Investment update: December 2025
Market highlights
The global economy entered the new financial year in better shape than expected given the tariff uncertainty over the preceding quarter. Despite ongoing geopolitical tensions and changes to global trade policies, economic growth remained resilient across most regions.
Key markets performed well, with US shares remaining elevated as technology and Artificial Intelligence (AI) themed companies maintained strong performance despite concerns over valuations and dotcom bubbles. Other major markets also delivered strong returns, supported by a mix of easing monetary and fiscal conditions, and investors seeking to diversify away from the US.
Our investment performance
Pleasingly, all CareSuper pre-mixed investment options delivered solid returns over the first half of the 2025–26 financial year, covering the period 1 July to 31 December 2025.
Short term returns
The CareSuper Balanced (MySuper) option delivered 4.09% for the financial year to the period ending 31 December 2025. The Balanced Retirement Income option delivered 4.38% for the same period. Over 12 months to 31 December 2025, the Balanced option returned 7.81% while the Balanced Retirement Income option delivered 8.24%.
Long term returns
We’re here to deliver real growth over time, so while we’re pleased with these short-term results, it’s long-term performance that really counts.
Over 10 years to 31 December 2025, the Balanced option delivered an annual average return of 7.65%, while our Balanced Retirement Income option returned 8.13% p.a. CareSuper remains a top quartile fund over 15 and 20 years.1
These options are where most of our members are invested and reflect a diversified mix of growth assets, like shares, and defensive assets, such as bonds and cash.
Performance as at 31 December 2025

To view the performance across all options, see our investment performance.
A deep dive into global market drivers
While global markets saw periods of volatility, investors were supported overall by steady global economic growth and easing inflation in select regions.
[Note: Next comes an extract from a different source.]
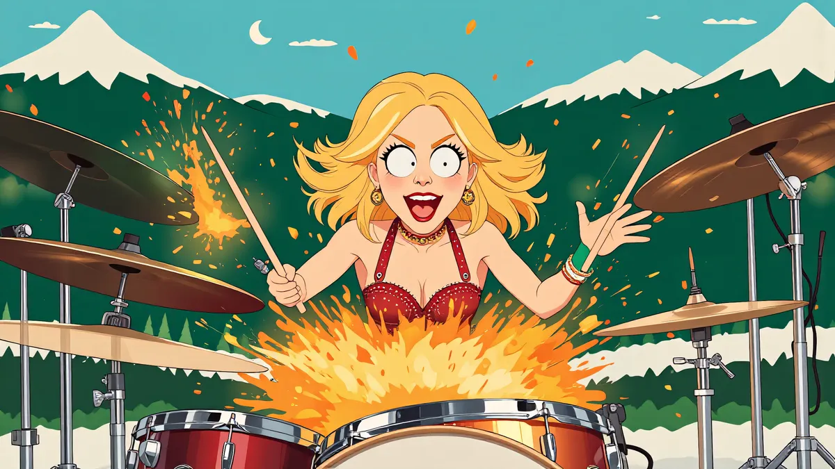 A lady from South Park playing drums enthusiastically.

US shares remained near record levels, with technology and AI-related companies leading the gains, with the S&P500 rising 11% (in USD terms) for the period 1 July 2025 to 31 December 2025. Other global markets delivered solid returns over the same period as investors increasingly looked to diversify across regions. The STOXX 600, representing nearly 90% of Europe’s investible market, gained 10% while in Japan, the Nikkei 225 rose 25.4% (both in local currency terms).
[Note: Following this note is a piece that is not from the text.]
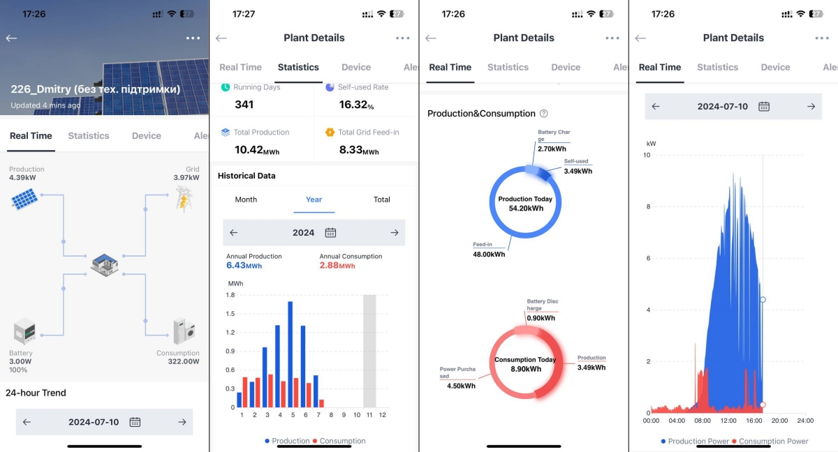 Середньодобове споживання електроенергії у будинку Дмитрія становить 15 кВт. Влітку сонячні панелі забезпечують повну автономність будинку, тоді як взимку споживання зростає, і сонячна генерація забезпечує від 200 до 350 кВт з необхідних 450 кВт на місяць.
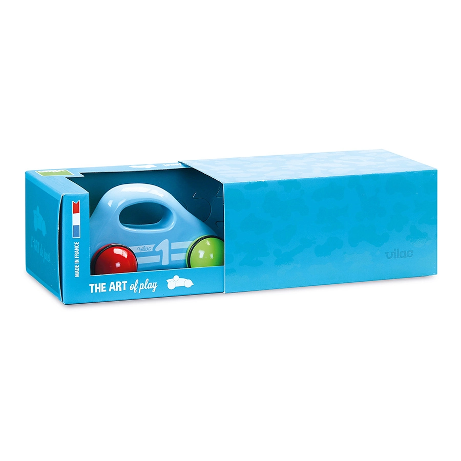 Stilingas medinis VILAC automobiliukas mėlynos spalvos pradžiugins mažus lenktynininkus ir dizaino mylėtojus. Pagamintas iš lakuotos medienos, turi gumuotus spalvotus ratus tyliai ir tolygiai eigai bei ergonomišką rankeną lengvam suėmimui. Puikiai lavina smulkiąją motoriką, saugus nuo 12 mėnesių ir dėl kokybiško apdirbimo taip pat yra elegantiška dekoracija. Pagaminta Prancūzijoje.

In comparison, Australian shares produced more modest gains over the period, influenced by interest rate uncertainty and poor earnings relative to expectations. The ASX300 returned 4% financial year to date as performance varied by sector, with resources, financials and parts of the industrial sector contributing positively.
Inflation has remained more persistent in Australia than in other regions, prompting the RBA to maintain a more cautious stance. Unlike major peers that are expected to hold or cut rates, markets have priced in possible further RBA hikes after it signalled that rates may stay higher for longer. This divergence from peers has pushed Australian Government bond yields noticeably higher across both short and longterm maturities.
By contrast, global share and bond markets have been shaped by expectations that most central banks are well progressed through rate‑cutting cycles after bringing inflation under control. Investors are now debating the timing and extent of future reductions, particularly in the US. As a result, short‑term US Government bond yields have declined, while long‑term yields remain elevated.
Commodities played a renewed role in portfolios during 2025, supported by geopolitical uncertainty and the need for diversification. Precious metals such as gold and silver have moved significantly higher in value over the period.

Finally, the Australian dollar extended its gains against the US dollar, rising 1.8% for the period 1 July to 31 December 2025 to finish the year up 7.6%. A stronger Australian dollar helps households by making imports and overseas travel cheaper, easing inflation pressure.
What to expect in 2026
Global growth is expected to improve in the first half of the year from a combination of some easing of interest rates, government support, and rising household incomes that help boost economic activity. Inflation is trending lower in some regions, giving central banks more flexibility to respond if conditions weaken.
Share market valuations, particularly in the US, are elevated, which may lead to more volatility. However other regions, including emerging markets, continue to offer more attractive long-term valuation and diversification benefits.
Bond markets may continue to be influenced by inflation and interest rate expectations, and central bank policy. It’s important to remember that bonds play an important role in diversified portfolios by providing income and helping to cushion against share market volatility.
Stay focused on the long term
CareSuper’s investment approach centres on risk management and consistency. Our smooth ride philosophy is designed to handle both market highs and lows by supporting members with steady growth and resilience when conditions are uncertain.
Markets will continue to move up and down in response to economic data, policy decisions and global events. As we move into a changing investment landscape, this approach remains essential for protecting and building your retirement savings.
For most members, staying invested and focused on your long-term financial goals remains the best way to build and protect your retirement savings.
1SuperRatings Fund Crediting Rate Survey SR50 Balanced (60-76) Index, December 2025. CareSuper’s performance figures shown are net of fees, cost and investment related taxes and have been rounded to two decimal places.